[Provided data Boundary: Start]

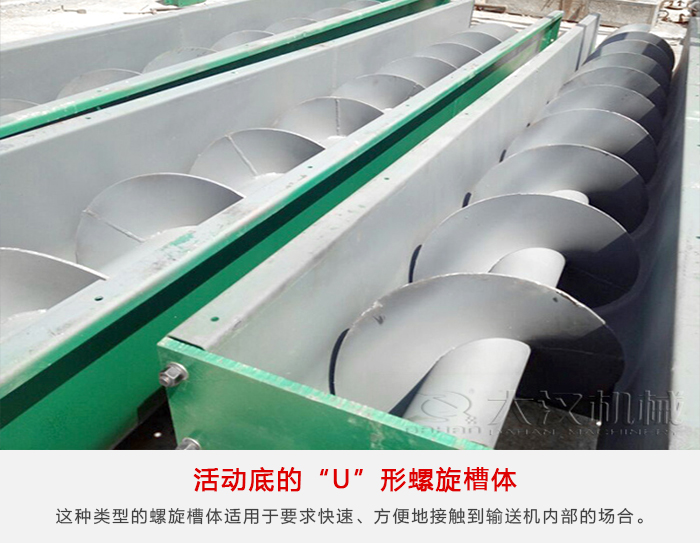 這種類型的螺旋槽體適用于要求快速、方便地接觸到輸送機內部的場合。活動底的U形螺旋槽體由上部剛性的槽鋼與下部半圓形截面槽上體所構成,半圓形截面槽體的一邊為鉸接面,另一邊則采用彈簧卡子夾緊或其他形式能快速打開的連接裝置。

[Provided data Boundary: End]
[Provided data Boundary: Start]

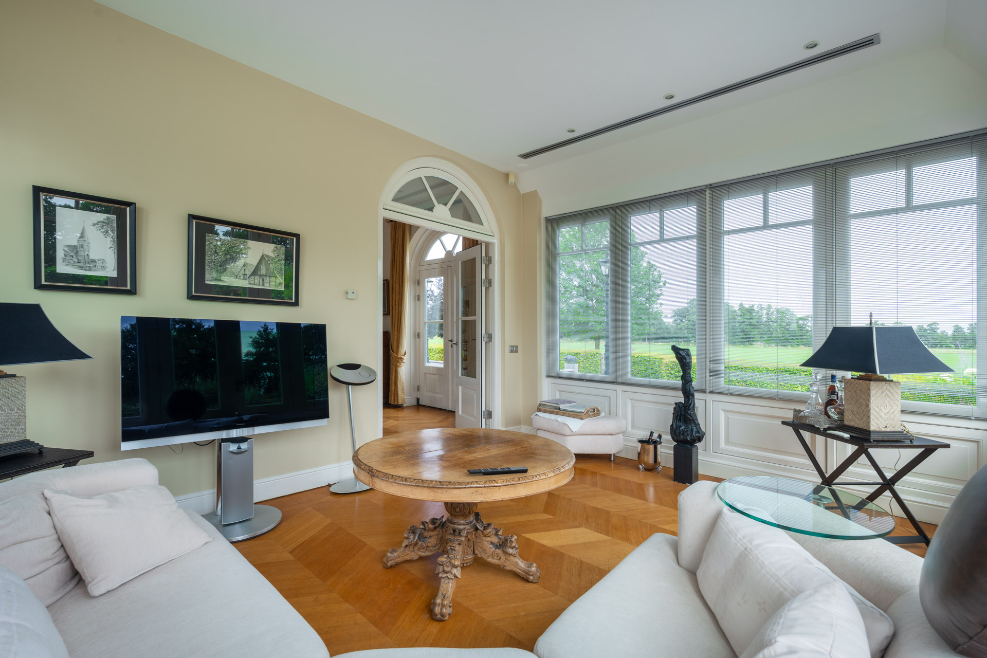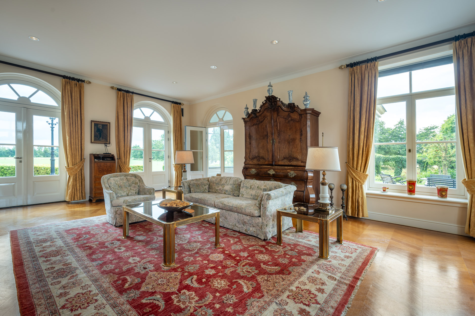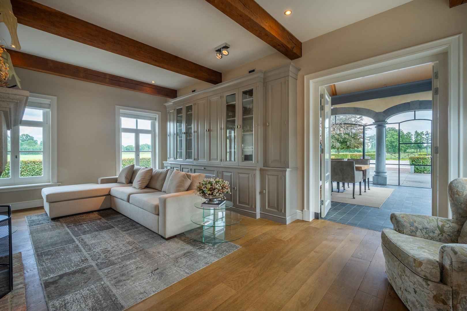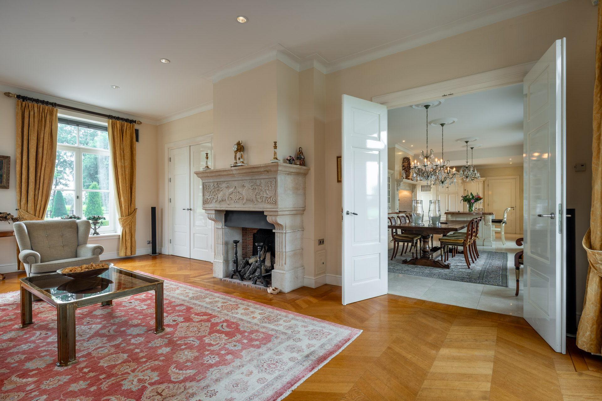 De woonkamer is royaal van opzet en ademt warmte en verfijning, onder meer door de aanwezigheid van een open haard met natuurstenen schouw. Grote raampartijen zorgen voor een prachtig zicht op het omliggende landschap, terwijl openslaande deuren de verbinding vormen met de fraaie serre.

[Provided data Boundary: End]
[Provided data Boundary: Start]

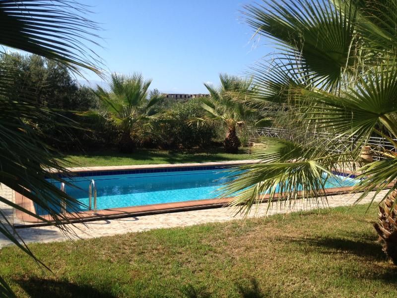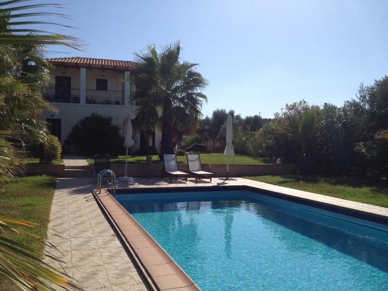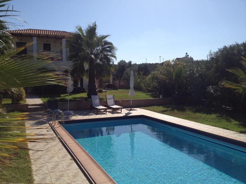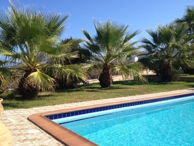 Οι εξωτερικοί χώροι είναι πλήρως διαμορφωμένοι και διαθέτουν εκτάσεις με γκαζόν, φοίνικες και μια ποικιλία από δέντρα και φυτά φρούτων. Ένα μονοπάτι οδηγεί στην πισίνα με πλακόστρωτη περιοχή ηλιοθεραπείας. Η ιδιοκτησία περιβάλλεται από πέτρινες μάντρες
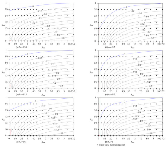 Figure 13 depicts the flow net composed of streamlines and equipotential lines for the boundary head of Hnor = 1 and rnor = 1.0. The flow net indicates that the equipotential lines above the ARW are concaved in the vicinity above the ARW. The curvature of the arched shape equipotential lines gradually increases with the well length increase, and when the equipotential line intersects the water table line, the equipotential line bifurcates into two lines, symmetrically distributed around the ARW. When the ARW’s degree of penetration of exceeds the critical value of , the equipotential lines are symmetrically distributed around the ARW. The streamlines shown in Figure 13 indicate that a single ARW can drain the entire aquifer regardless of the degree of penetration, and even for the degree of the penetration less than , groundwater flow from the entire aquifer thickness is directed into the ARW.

[Provided data Boundary: End]

*Exercise objective*. Using the data above, output the line that has "Οι εξωτερικοί χώροι", the line that has "Figure 13 depicts", and whatever lines fall between, each exactly as it stands and without pictures.

*Exercise output*.
 Οι εξωτερικοί χώροι είναι πλήρως διαμορφωμένοι και διαθέτουν εκτάσεις με γκαζόν, φοίνικες και μια ποικιλία από δέντρα και φυτά φρούτων. Ένα μονοπάτι οδηγεί στην πισίνα με πλακόστρωτη περιοχή ηλιοθεραπείας. Η ιδιοκτησία περιβάλλεται από πέτρινες μάντρες
 Figure 13 depicts the flow net composed of streamlines and equipotential lines for the boundary head of Hnor = 1 and rnor = 1.0. The flow net indicates that the equipotential lines above the ARW are concaved in the vicinity above the ARW. The curvature of the arched shape equipotential lines gradually increases with the well length increase, and when the equipotential line intersects the water table line, the equipotential line bifurcates into two lines, symmetrically distributed around the ARW. When the ARW’s degree of penetration of exceeds the critical value of , the equipotential lines are symmetrically distributed around the ARW. The streamlines shown in Figure 13 indicate that a single ARW can drain the entire aquifer regardless of the degree of penetration, and even for the degree of the penetration less than , groundwater flow from the entire aquifer thickness is directed into the ARW.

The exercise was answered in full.